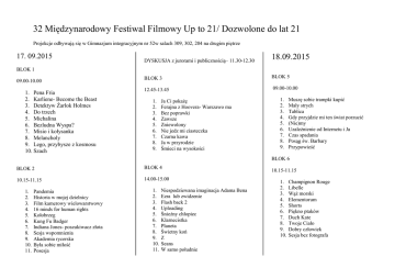 32 Międzynarodowy Festiwal Filmowy Up to 21/ Dozwolone do lat 21 Projekcje odbywają się w Gimnazjum integracyjnym nr 52w salach 309, 302, 204 na drugim piętrze 17. 09.2015 DYSKUSJA z jurorami i publicznością– 11.30-12.30 18.09.2015 BLOK 3 BLOK 5 12.45-13.45 09.00-10.00 BLOK 1 09.00-10.00 1. Pena Fria 2. Karliene- Become the Beast 3. Detektyw Żarłok Holmes 4. Do trzech 5. Michalina 6. Bezludna Wyspa? 7. Misio i kołysanka 8. Melancholy 9. Lego, przybysze z kosmosu 10. Szach 1. 2. 3. 4. 5. 6. 7. 8. 9. Ja Ci pokażę Ferajna z Hoovera- Warszawo ma Bez poprawki Zawsze Zniewolony Nie jedz mi ciasteczka Czarna kawa Ja w przyrodzie Śmieci na wysokości 1. 2. 3. 4. 5. 6. 7. 8. 9. Muszę sobie trampki kupić Mały strych Tablica Gdy przyjdzie mi ten świat porzucić (Nie)my Uzależnienie od Internetu i Ja Czas spadania Posąg św. Barbary Przypowieść BLOK 6 BLOK 2 BLOK 4 10.15-11.15 14.00-15.00 1. 2. 3. 4. 5. 6. 7. 8. 9. 10. 11. 1. 2. 3. 4. 5. 6. 7. 8. 9. 10. 11. Pandemia Historia w mojej dzielnicy Film kamerowy wielowarstwowy 16 minds for human rights Kołobrzeg Kung Fu Badger Indiana Jones- poszukiwacz złota Sesja wspomnienia Akademia rycerska Była sobie miłość Posesja Niespodziewana imaginacja Adama Bena Ezra lub zwidzenie Flash back 2 Uploading Śnieżny chłopiec Klarnecistka Planeta Świetny koń Z Seans W samo południe 10.15-11.15 1. 2. 3. 4. 5. 6. 7. 8. 9. 10. Champignon Rouge Libelle Wąż morski Elementorum Shorts Piękno ptaków Duch Kate Twoje Ciało Dobry człowiek Sesja bez fotografa KONFERENCJA TWÓRCÓW FILMU ŻARTOWNIŚ – 11.30-12.30 BLOK 7 12.45-13.45 1. 2. 3. 4. Przeprowadzka Ślimak i Muszelka Ballada o Złym Czarnoksiężniku Peut tout acheter 5. 6. 7. 8. 9. 10. 11. Paczka balonów Dziwny film Żartowniś Nie ta twarz Oda do marności Za zieloną nitką Tłum BLOK 8 14.00-15.00 1. 2. 3. 4. 5. 6. 7. 8. 9. Konwalie Złe zioło Sen o rowerze Zobaczysz Zegar Martwa planeta Grzebień Giallo Kawa
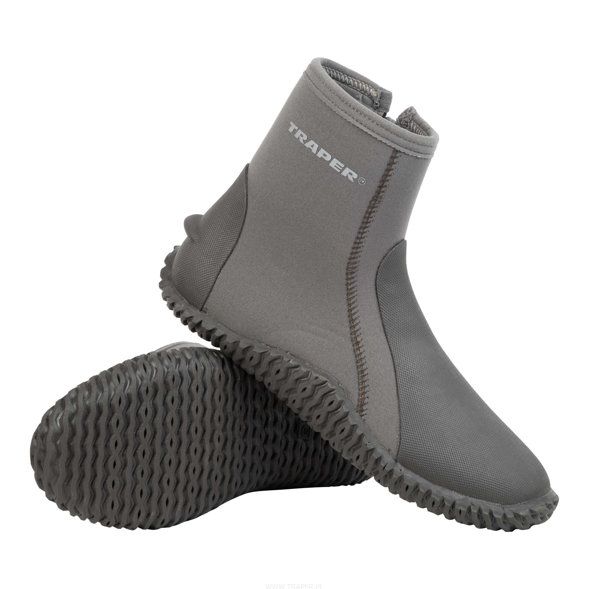 Flats' wading boots. Made of thick, 5 mm neoprene. High upper perfectly prevents the ankle against the abrasion and the sand. There is an YKK zipper for easy taking on, with Velcro additional closure. Robust, hardened, anti-slip sole is perfectly adapted to walking on the rocky, coral surface, securing against the mussels or sea urchins. The upper and the ankle part were reinforced with rubber in TPU system.
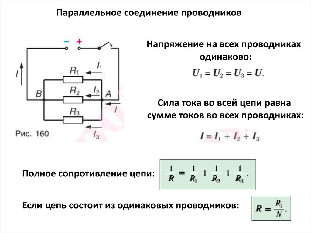 Параллельное соединение проводниковНапряжение на всех проводниках
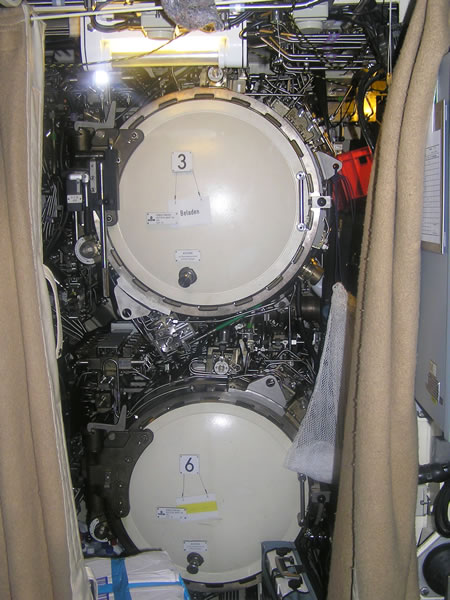En el nivel inferior se encuentra la sala de torpedos propiamente dicha. No excesivamente amplia, aunque sirve igualmente como comedor y lugar de descanso con 3 mesas plegables con sus respectivos bancos. Tras los respaldos de los bancos, y ocultos por unas telas se encuentran los torpedos de repuesto que pueden ser recargados, si fuese el caso, desplazando los muebles removibles. Me llama la atención ver sobre las mesas unas redes conteniendo diversos géneros alimenticios; zumos, fruta, café o galletas, al igual que en sus antecesores de las clases VII ó IX. El comandante nos explica que en un submarino cada espacio libre debe ser ocupado con provisiones. Enfrente de los torpedos se abre un pequeño camarote destinado a ser comedor y sala de recreo de los oficiales. Por fin llegamos a la proa. Allí están los 6 tubos lanzatorpedos del submarino, con sus relucientes portillas pintadas en color blanco y un número que los identifica. Uno de los tubos lleva colgado un cartelito con la inscripción “Beladen”. Señalo el mismo y el comandante nos dice que significa que el tubo contiene un torpedo. Otro pequeño servicio dotado de WC y ducha facilita la vida a los tripulantes. |
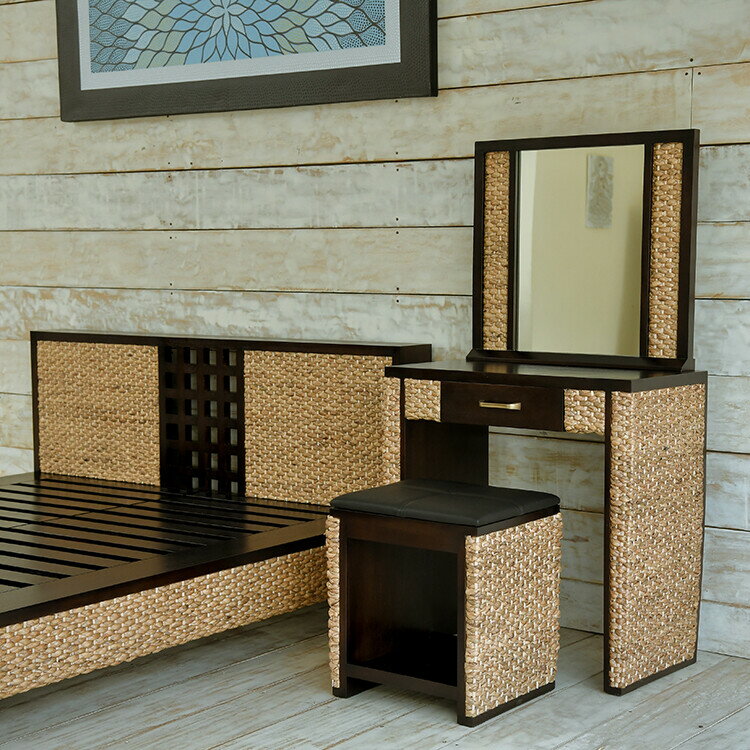 ウォーターヒヤシンス ドレッサー 3点セット 鏡 スツール デスク アジアン家具
—————
- Required action: Above this task is a listing with pictures in it. Retype only the lines from the one containing "Flats' wading boots." through the one containing "Параллельное соединение проводниковНапряжение", both included, and not the pictures.

- Finished task:
 Flats' wading boots. Made of thick, 5 mm neoprene. High upper perfectly prevents the ankle against the abrasion and the sand. There is an YKK zipper for easy taking on, with Velcro additional closure. Robust, hardened, anti-slip sole is perfectly adapted to walking on the rocky, coral surface, securing against the mussels or sea urchins. The upper and the ankle part were reinforced with rubber in TPU system.
 Параллельное соединение проводниковНапряжение на всех проводниках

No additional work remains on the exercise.